BEGIN

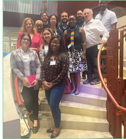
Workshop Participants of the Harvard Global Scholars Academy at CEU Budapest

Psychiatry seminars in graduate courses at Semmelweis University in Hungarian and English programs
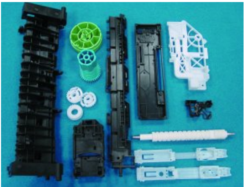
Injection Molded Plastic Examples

END

## Task statement
Transcribe all of the lines above exactly as given. The pictures stay out.

## Written reply
Workshop Participants of the Harvard Global Scholars Academy at CEU Budapest

Psychiatry seminars in graduate courses at Semmelweis University in Hungarian and English programs
Injection Molded Plastic Examples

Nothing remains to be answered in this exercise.